Source data START

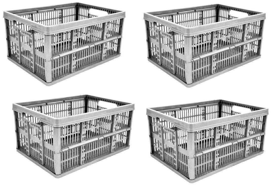 4X Folding Crates Silver 32L Plastic Collapsible Stackable Crates Storage Boxes
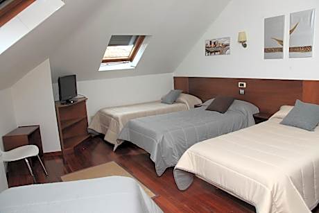 The Hotel Restaurante Rúas can be found in the historic center of Pontevedra, close to Plaza de la Leña. It offers simple rooms with free Wi-Fi and plasma-screen TV. The large rooms have dark wood floors and cream-colored walls. Many also have attractive views of the city’s historic quarter. Air conditioning is provided in summer. The restaurant of the Hotel Restaurante Rúas serves traditional Galician meals and tapas. It has a terrace in the Plaza de la Leña. The hotel is close to the Museo Regional de Pontevedra. Free public parking can be found nearby.
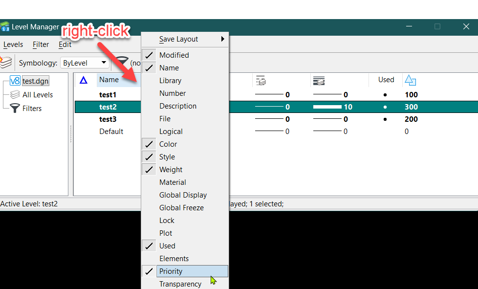You will need to make sure the Level Priority column is turned on within the Level Manager.

Source data END

> [The problem]
Nothing but the lines from the line containing "The Hotel Restaurante Rúas can" through the end of the data, both ends included, is to be reproduced, exactly as written and without the pictures.

> [Response]
 The Hotel Restaurante Rúas can be found in the historic center of Pontevedra, close to Plaza de la Leña. It offers simple rooms with free Wi-Fi and plasma-screen TV. The large rooms have dark wood floors and cream-colored walls. Many also have attractive views of the city’s historic quarter. Air conditioning is provided in summer. The restaurant of the Hotel Restaurante Rúas serves traditional Galician meals and tapas. It has a terrace in the Plaza de la Leña. The hotel is close to the Museo Regional de Pontevedra. Free public parking can be found nearby.
You will need to make sure the Level Priority column is turned on within the Level Manager.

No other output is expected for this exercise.